For his second collection, which became known in English-speaking countries as Child Ballads , Child brought together 305 ballads, which were published in five volumes (or ten volumes in two sub-volumes each) between 1882 and 1898. Among them were the ballads of "Lord Randall", " Sir Patrick Spens " and several variations of the adventures of Robin Hood . The song about "Barbara Allen" has been reprinted and sung for generations. "Thomas the Rhymer" or "Tam Lin" had survived the centuries even without written records. Child systematically compared the British ballads with those in other languages, for example with Danish, Serbian or Turkish ballads.

Fonts (selection)

  • Editor and publisher: British poets. Little, Brown & Co., Boston 1856-1871, OCLC 609563082 ( babel.hathitrust.org ).
  • Observations on the language of Chaucer. (= Library of English literature. LEL 40030). Welsh, Bigelow, and Co., Cambridge 1862, OCLC 14926450 .
  • The English and Scottish popular ballads. Houghton, Mifflin and company, Boston 1882-1898, OCLC 457657823 .

Correspondence:

  • Francis James Child, William Walker: Letters on Scottish ballads from Professor Francis J. Child to WW. Bon-Accord Pr., Aberdeen 1930, OCLC 221231045 .
  • Francis James Child, James Russell Lowell, MA De Wolfe Howe, George William Cottrell: The scholar-friends. Letters of Francis James Child and James Russell Lowell.
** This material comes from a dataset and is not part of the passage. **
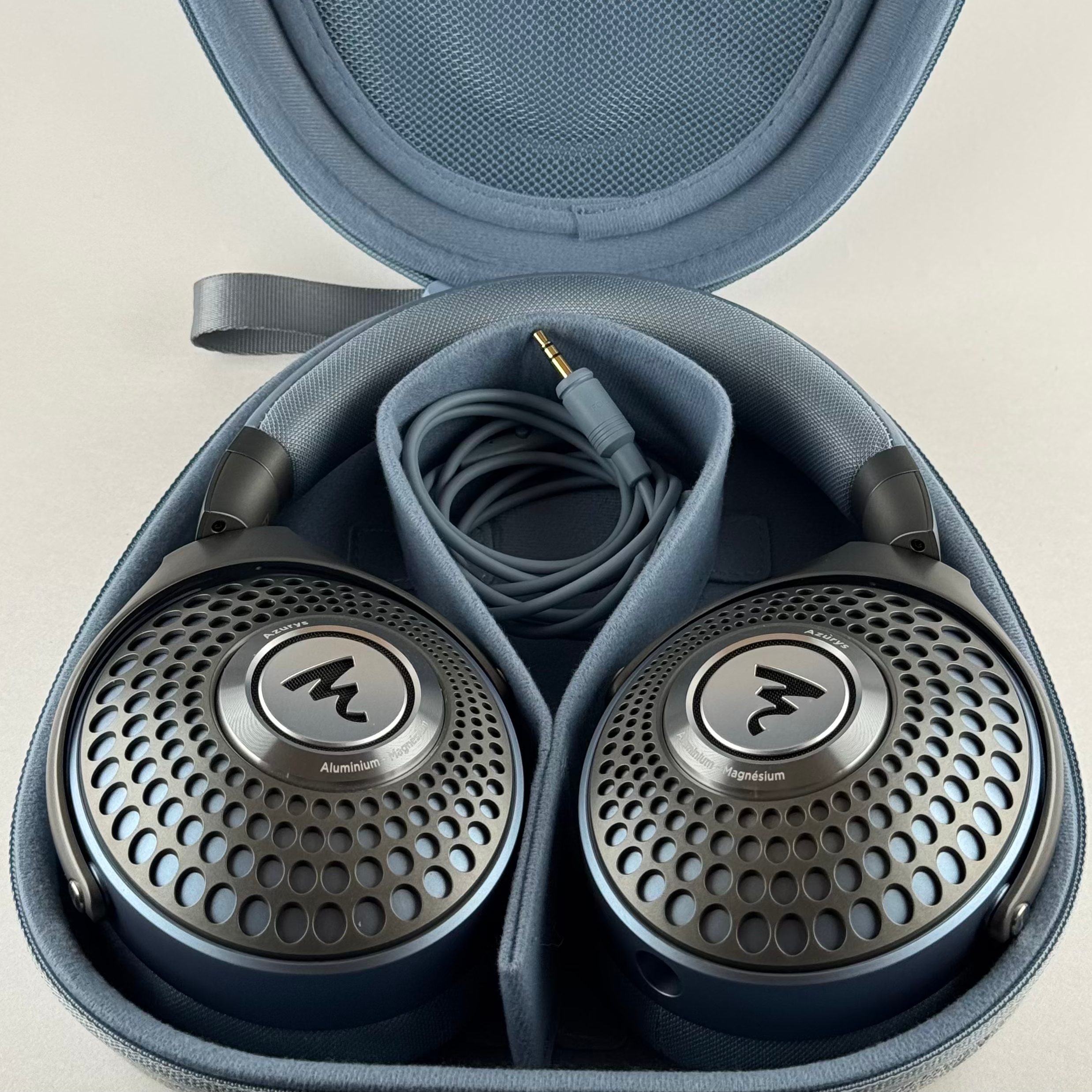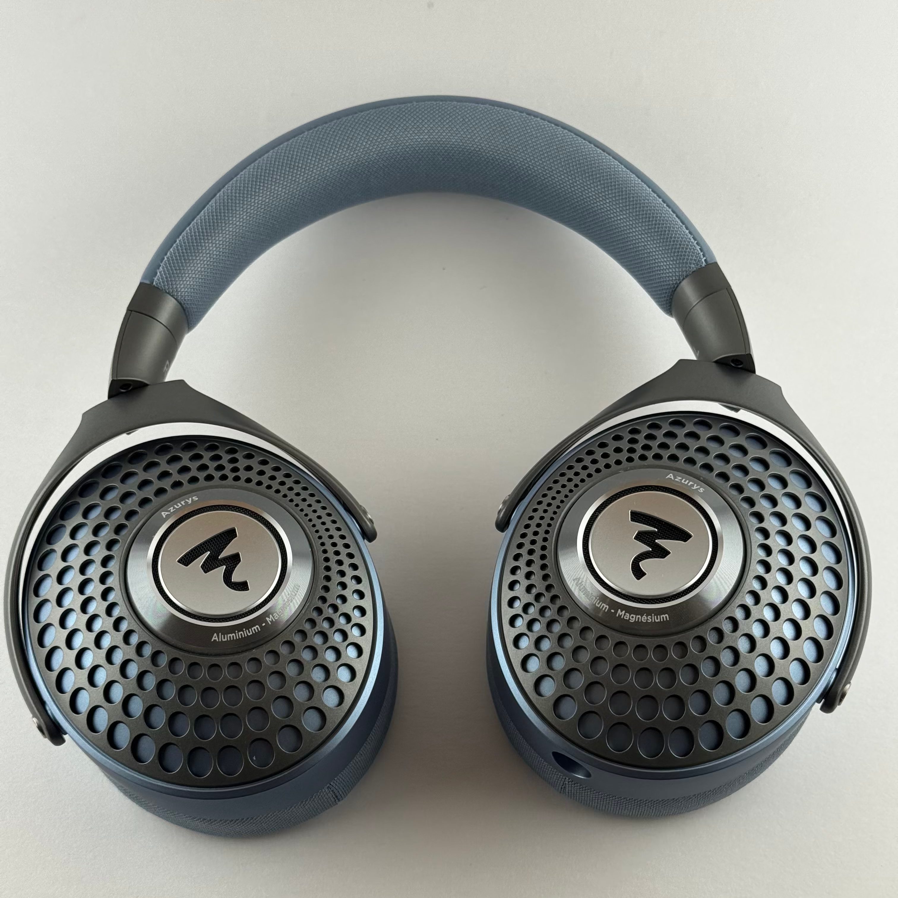 The Azurys (ah-zurr-ees?) is a passive, mid-fi closed-back headphone produced by reknowned French audio company Focal. It’s relatively easy to drive, with a nominal impedance of 26 Ohms and a sensitivity of 100 dB/mW. It shares the smaller form-factor3 of the Focal Bathys (Focal’s entry in the wireless ANC market) and Hadenys (the open-backed sister headphone), as well as their single-entry cable making this a single-ended-only headphone. It is made in a single colorway at this point, a nice light blue. It’s a reasonably light headphone, coming in slightly over 300 grams.

Harvard University Press, Cambridge 1952, OCLC 230415 .

literature

  • Charles Eliot Norton: Francis James Child. Boston circa 1897, OCLC 236235542 .

Web links

Wikisource: Child's Collected Ballads  - sources and full texts

Individual evidence

  1. a b c Francis James Child on harvardmagazine.com
  2. Collection: Francis James Child English and Scottish popular ballad research materials - MS Am 2349. hollisarchives.lib.harvard.edu, accessed on December 11, 2018 (English, see under Additional Description - Biographical / Historical ).